Hksar v Sit Yan Yi

Judgment Date03 August 2021
Neutral Citation[2021] HKCA 1124
Year2021
Judgement NumberCACC133/2020
Subject MatterCriminal Appeal
CourtCourt of Appeal (Hong Kong)
CACC133/2020 HKSAR v. SIT YAN YI

CACC 133/2020

[2021] HKCA 1124

IN THE HIGH COURT OF THE

HONG KONG SPECIAL ADMINISTRATIVE REGION

COURT OF APPEAL

CRIMINAL APPEAL NO 133 OF 2020

(ON APPEAL FROM HCCC NO 64 OF 2020)

_______________

HKSAR Respondent
v
SIT YAN YI (薛欣怡) Applicant

_______________

Before: Hon Zervos JA in Court
Date of Hearing: 3 August 2021
Date of Judgment: 3 August 2021

________________

J U D G M E N T

________________

Introduction

1. On 12 August 2020, the applicant was one of two defendants who appeared before Campbell-Moffat J (“the judge”) for sentence on an indictment that contained three counts.

2. The applicant, whose trial designation was D1, pleaded guilty to one count of trafficking in a dangerous drug, namely 24.50 grammes of a crystalline solid containing 24.20 grammes of methamphetamine hydrochloride (commonly known as “Ice”) (Count 1), and one count of possession of dangerous drugs, namely 0.28 gramme of cannabis in herbal form and 0.05 gramme of nimetazepam (Count 2). The other defendant, D2, pleaded guilty to a separate count of possession of dangerous drugs, namely 0.52 gramme of a solid containing 0.41 gramme of cocaine and 0.08 gramme of a crystalline solid containing methamphetamine hydrochloride (Count 3). The judge sentenced the applicant to a total term of 5 years and 8 months’ imprisonment.
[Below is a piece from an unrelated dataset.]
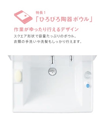 ピアラの特徴は、なんといっても使いやすい洗面ボウル。

3. The applicant applies for leave to appeal against her sentence. The basis of the application is set out in the perfected grounds of appeal filed on her behalf by counsel. There are three grounds of appeal which make the following complaints. In the first ground, it is complained that the starting point adopted by the judge for Count 1 of 8 years’ imprisonment was excessive and not in accordance with the applicable sentencing guidelines. The same complaint is made about the starting points adopted by the judge of 3 months’ imprisonment in respect of the two drugs particularised in Count 2. In the second ground, it is complained that the judge failed to consider passing concurrent sentences for Counts 1 and 2 as they arose from the same incident. In the third ground, it is complained that the judge failed to take into account the totality principle, given that the quantity of drugs in Count 2 were minimal and did not materially add to the criminality involved in Count 1.

The admitted facts

4. At 5:25 pm on 2 December 2018, the applicant checked into a hotel room which had been pre-paid and booked under her name. She was provided with the room key and together with D2 went to the room. In the afternoon on the next day, as the applicant had not checked out after the required check-out time, the hotel staff entered the room with a master key. They found inside the room cigarette buds and aluminium foil. The safe in the room was unlocked and found inside was a quantity of suspected dangerous drugs. The hotel staff then locked the safe with a new password and reported the matter to the police.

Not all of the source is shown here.